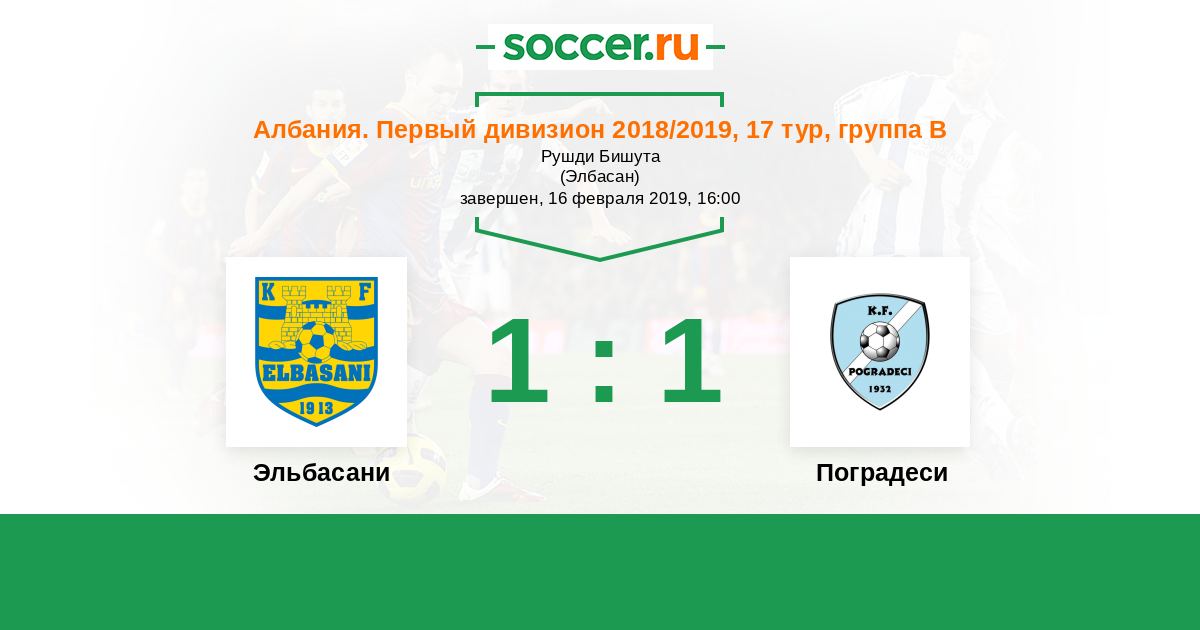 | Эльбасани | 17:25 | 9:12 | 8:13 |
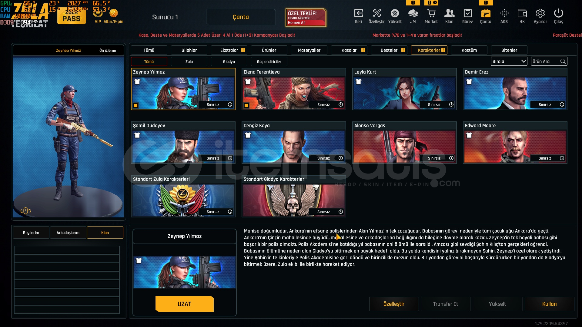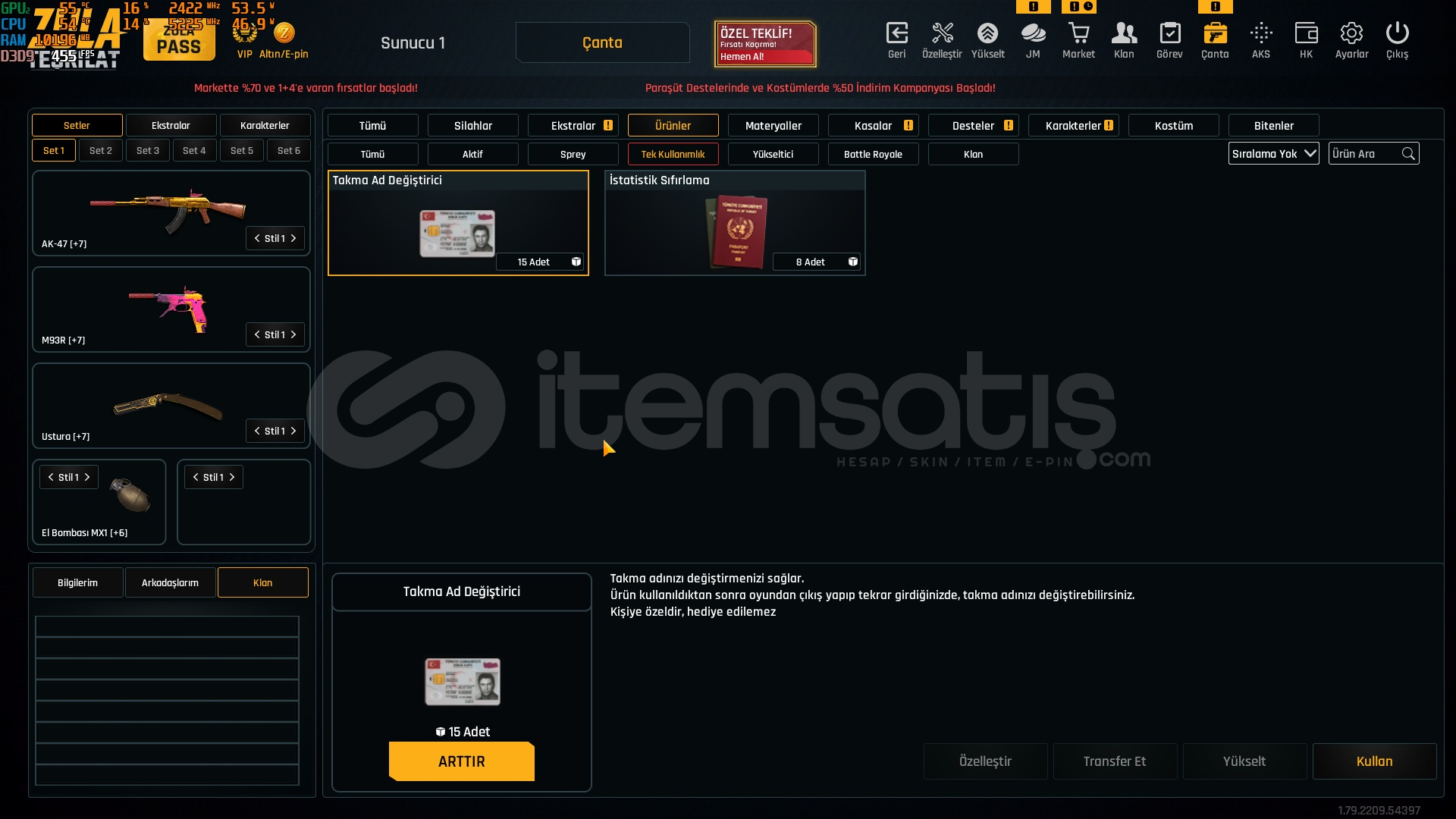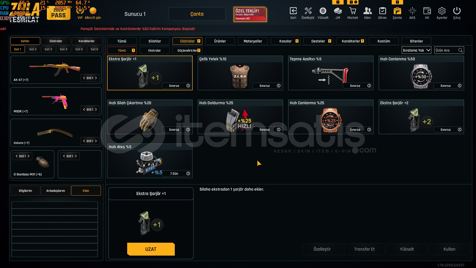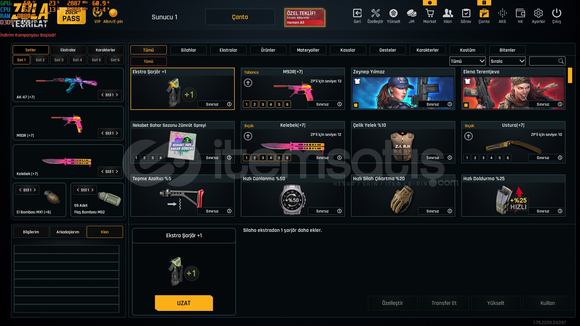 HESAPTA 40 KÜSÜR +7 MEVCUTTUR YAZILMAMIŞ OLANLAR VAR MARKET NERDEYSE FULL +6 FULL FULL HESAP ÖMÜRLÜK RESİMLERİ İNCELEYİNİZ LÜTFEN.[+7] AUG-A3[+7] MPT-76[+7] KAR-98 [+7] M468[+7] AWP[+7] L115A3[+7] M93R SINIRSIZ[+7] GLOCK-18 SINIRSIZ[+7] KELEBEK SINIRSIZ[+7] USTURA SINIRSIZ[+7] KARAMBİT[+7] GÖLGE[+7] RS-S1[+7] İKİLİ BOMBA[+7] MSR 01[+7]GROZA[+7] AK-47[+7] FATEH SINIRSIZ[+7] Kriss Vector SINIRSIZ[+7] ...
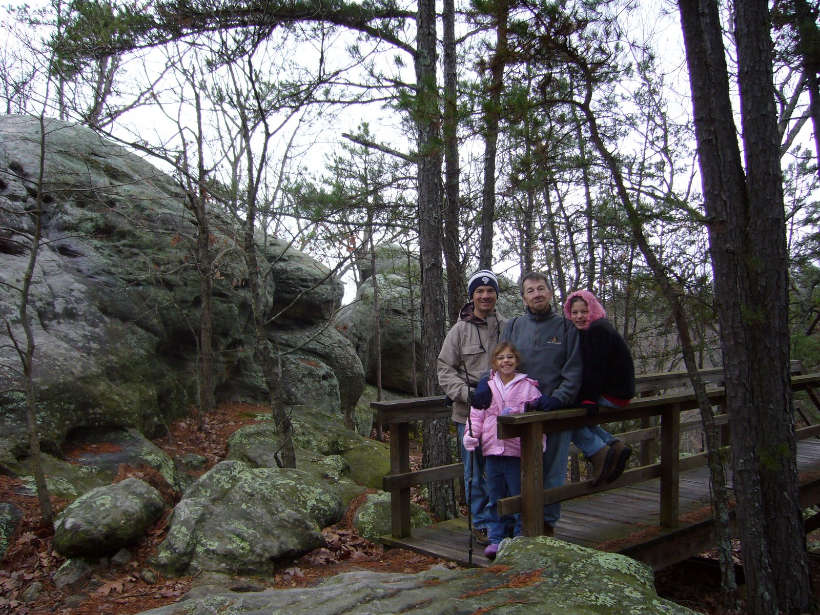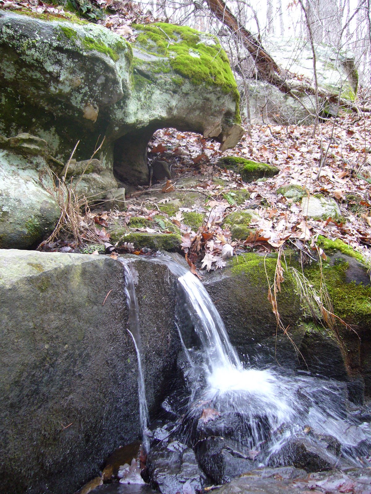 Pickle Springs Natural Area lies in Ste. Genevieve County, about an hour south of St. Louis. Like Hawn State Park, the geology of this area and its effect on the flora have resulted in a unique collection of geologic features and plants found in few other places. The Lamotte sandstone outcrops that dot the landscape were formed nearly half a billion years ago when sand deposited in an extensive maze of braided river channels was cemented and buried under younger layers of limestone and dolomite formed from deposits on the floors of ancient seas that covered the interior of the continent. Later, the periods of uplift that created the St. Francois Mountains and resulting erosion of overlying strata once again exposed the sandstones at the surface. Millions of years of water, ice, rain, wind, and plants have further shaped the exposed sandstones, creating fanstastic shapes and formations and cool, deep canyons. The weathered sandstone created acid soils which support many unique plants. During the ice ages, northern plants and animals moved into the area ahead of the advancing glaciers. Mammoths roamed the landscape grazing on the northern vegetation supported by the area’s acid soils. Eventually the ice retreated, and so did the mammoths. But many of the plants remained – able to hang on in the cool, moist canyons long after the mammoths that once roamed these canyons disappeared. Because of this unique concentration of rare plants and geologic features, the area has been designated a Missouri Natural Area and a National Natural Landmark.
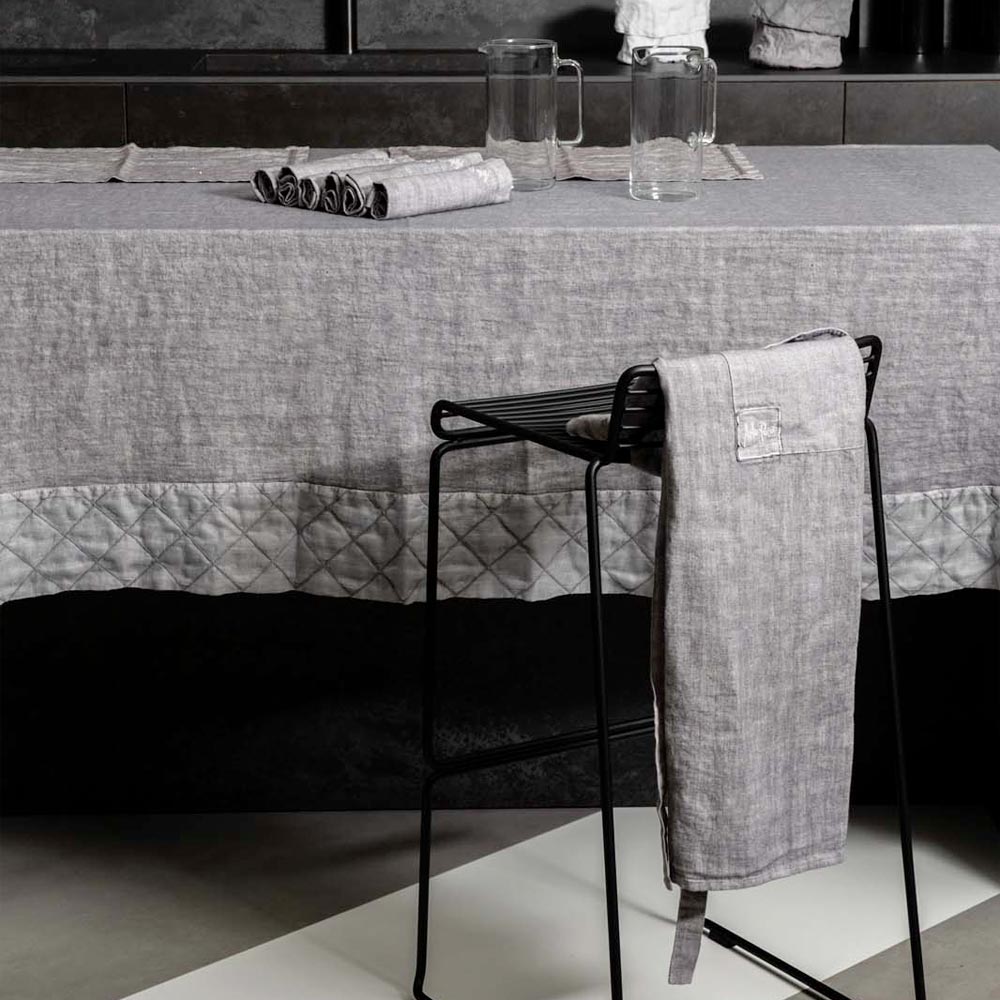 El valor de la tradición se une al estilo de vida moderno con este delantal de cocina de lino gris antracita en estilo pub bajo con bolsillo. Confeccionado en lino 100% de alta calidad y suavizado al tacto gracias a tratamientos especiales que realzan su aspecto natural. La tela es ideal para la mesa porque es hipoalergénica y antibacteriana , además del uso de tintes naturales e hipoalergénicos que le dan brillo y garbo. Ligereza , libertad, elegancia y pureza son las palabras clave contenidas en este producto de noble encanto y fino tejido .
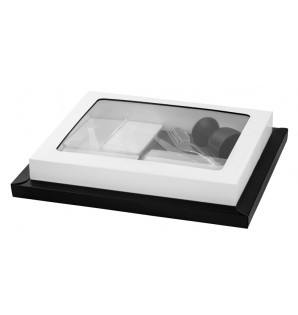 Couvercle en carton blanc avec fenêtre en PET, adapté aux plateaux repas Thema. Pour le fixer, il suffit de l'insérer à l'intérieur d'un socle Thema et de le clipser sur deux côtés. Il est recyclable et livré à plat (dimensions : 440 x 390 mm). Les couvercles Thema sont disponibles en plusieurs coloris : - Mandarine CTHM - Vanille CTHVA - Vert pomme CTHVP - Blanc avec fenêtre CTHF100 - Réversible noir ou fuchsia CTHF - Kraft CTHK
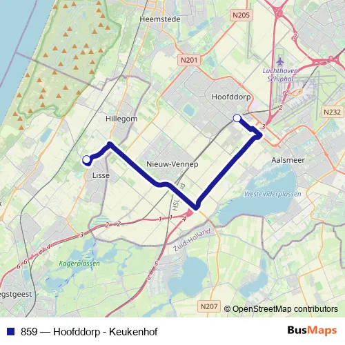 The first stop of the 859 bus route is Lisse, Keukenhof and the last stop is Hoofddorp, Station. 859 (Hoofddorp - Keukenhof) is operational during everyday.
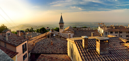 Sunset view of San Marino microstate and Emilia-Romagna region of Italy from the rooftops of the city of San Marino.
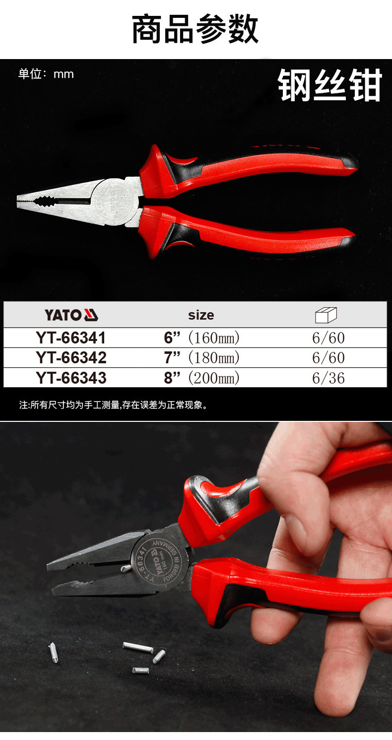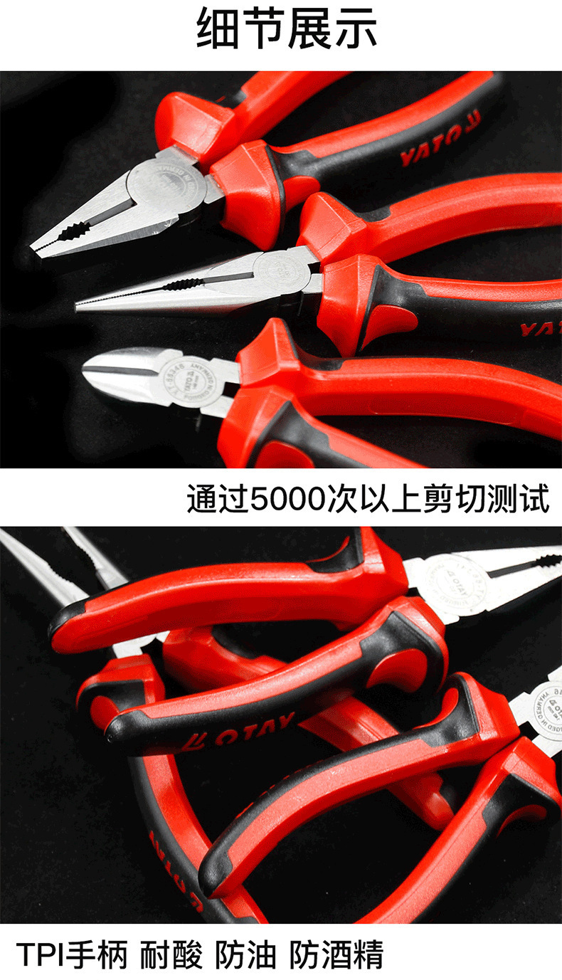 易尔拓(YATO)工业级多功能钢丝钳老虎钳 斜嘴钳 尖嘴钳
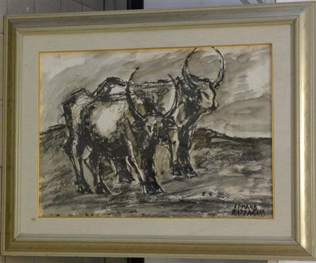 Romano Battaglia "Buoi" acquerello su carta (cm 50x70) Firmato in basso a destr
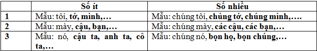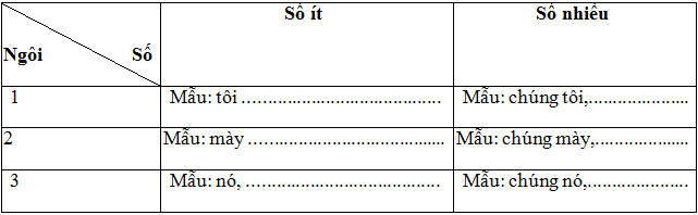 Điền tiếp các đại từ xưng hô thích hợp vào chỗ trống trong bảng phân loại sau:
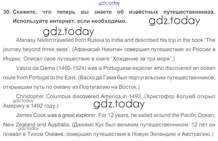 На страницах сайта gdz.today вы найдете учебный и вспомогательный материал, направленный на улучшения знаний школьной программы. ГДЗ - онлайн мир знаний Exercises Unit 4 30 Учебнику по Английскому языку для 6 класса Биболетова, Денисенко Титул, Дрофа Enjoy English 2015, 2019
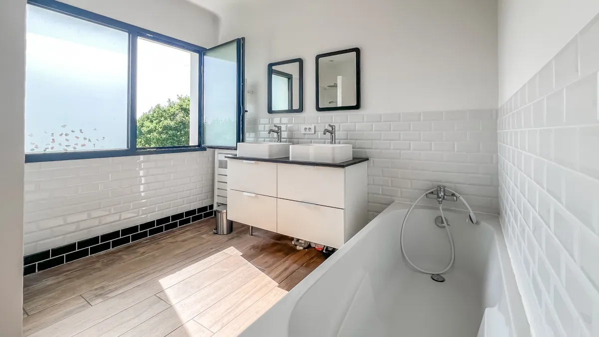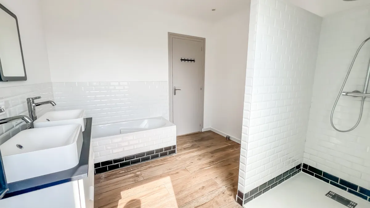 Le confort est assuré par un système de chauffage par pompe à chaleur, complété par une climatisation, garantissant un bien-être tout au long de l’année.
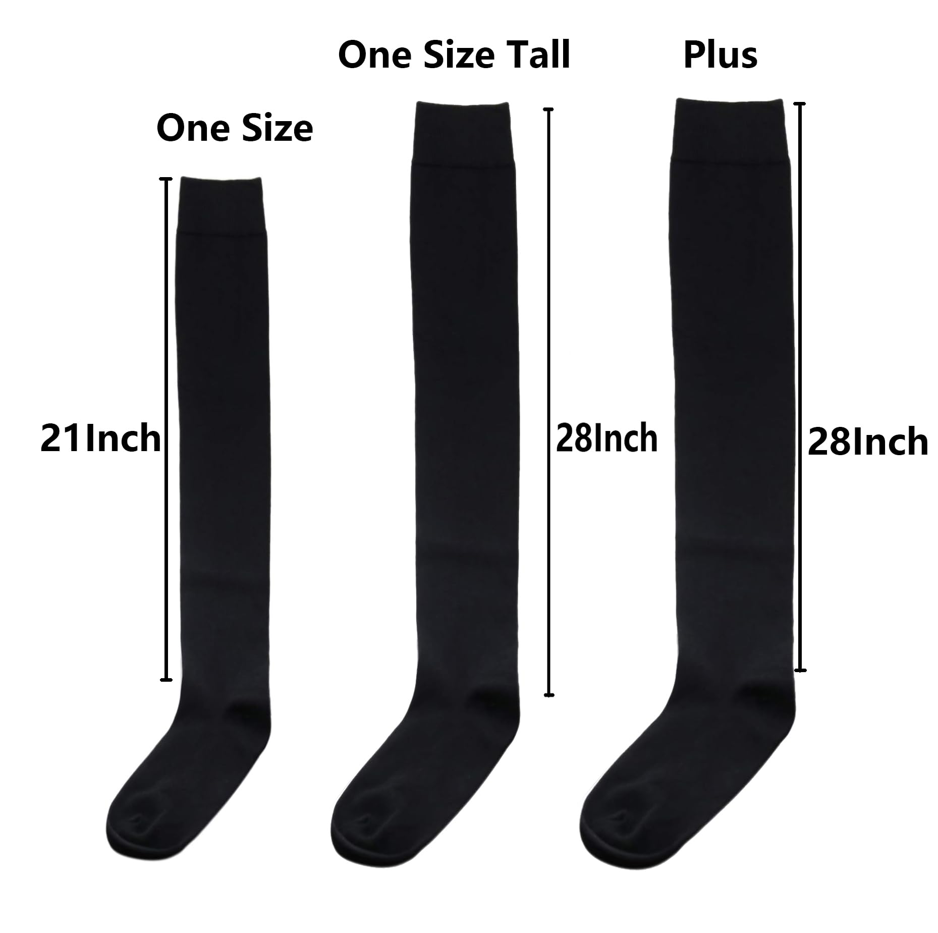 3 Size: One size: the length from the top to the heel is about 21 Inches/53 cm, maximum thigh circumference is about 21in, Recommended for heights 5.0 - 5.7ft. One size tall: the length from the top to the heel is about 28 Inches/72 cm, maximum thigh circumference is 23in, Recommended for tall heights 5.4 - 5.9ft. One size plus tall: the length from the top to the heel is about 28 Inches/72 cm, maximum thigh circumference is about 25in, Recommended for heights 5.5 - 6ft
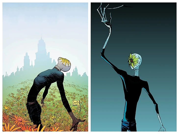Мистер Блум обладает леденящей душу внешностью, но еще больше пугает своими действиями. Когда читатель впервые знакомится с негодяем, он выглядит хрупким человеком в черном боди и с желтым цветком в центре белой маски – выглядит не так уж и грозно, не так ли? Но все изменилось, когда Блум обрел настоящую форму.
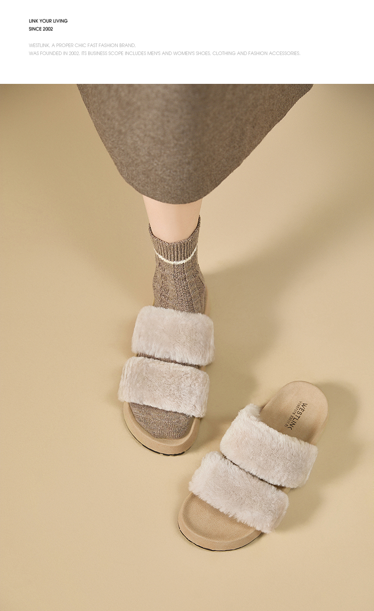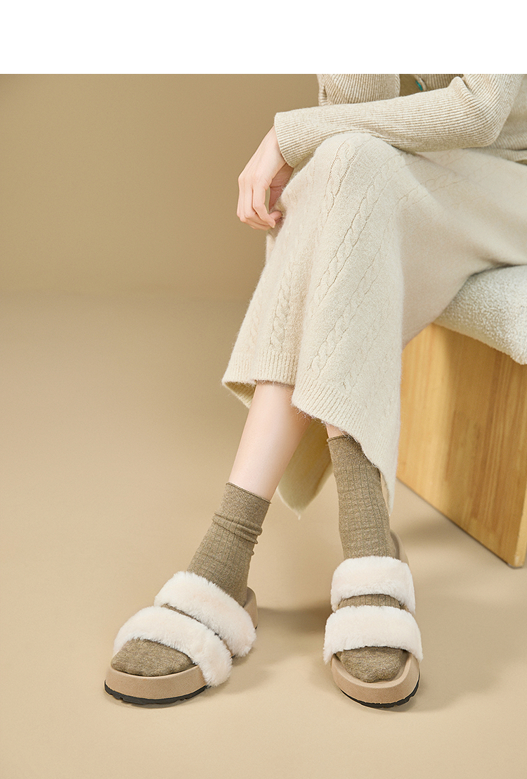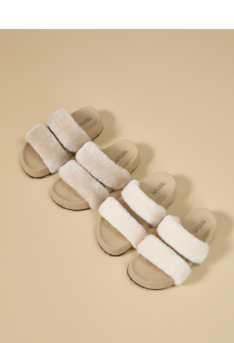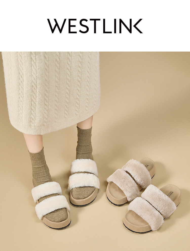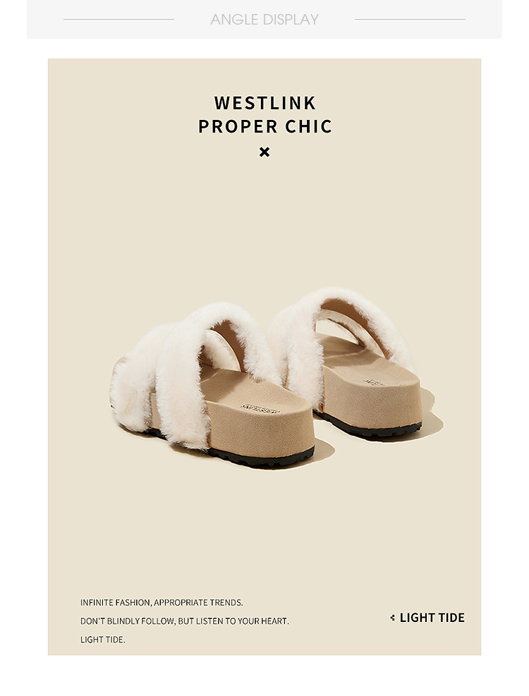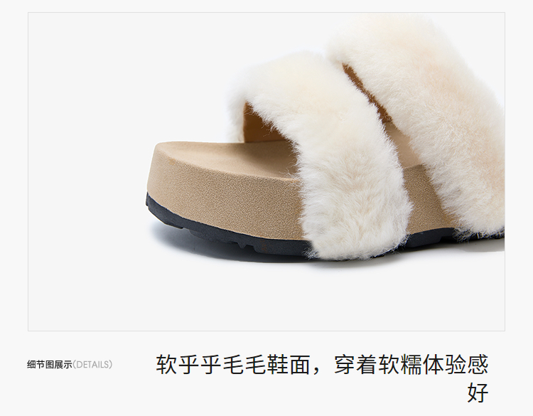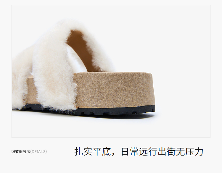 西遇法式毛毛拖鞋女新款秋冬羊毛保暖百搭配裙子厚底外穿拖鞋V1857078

§

Work request:
All that is required is the lines from the line containing "На страницах сайта" through the end of the records above, copied exactly, and none of the pictures.

Solved exercise:
 На страницах сайта gdz.today вы найдете учебный и вспомогательный материал, направленный на улучшения знаний школьной программы. ГДЗ - онлайн мир знаний Exercises Unit 4 30 Учебнику по Английскому языку для 6 класса Биболетова, Денисенко Титул, Дрофа Enjoy English 2015, 2019
 Le confort est assuré par un système de chauffage par pompe à chaleur, complété par une climatisation, garantissant un bien-être tout au long de l’année.
 3 Size: One size: the length from the top to the heel is about 21 Inches/53 cm, maximum thigh circumference is about 21in, Recommended for heights 5.0 - 5.7ft. One size tall: the length from the top to the heel is about 28 Inches/72 cm, maximum thigh circumference is 23in, Recommended for tall heights 5.4 - 5.9ft. One size plus tall: the length from the top to the heel is about 28 Inches/72 cm, maximum thigh circumference is about 25in, Recommended for heights 5.5 - 6ft
Мистер Блум обладает леденящей душу внешностью, но еще больше пугает своими действиями. Когда читатель впервые знакомится с негодяем, он выглядит хрупким человеком в черном боди и с желтым цветком в центре белой маски – выглядит не так уж и грозно, не так ли? Но все изменилось, когда Блум обрел настоящую форму.
 西遇法式毛毛拖鞋女新款秋冬羊毛保暖百搭配裙子厚底外穿拖鞋V1857078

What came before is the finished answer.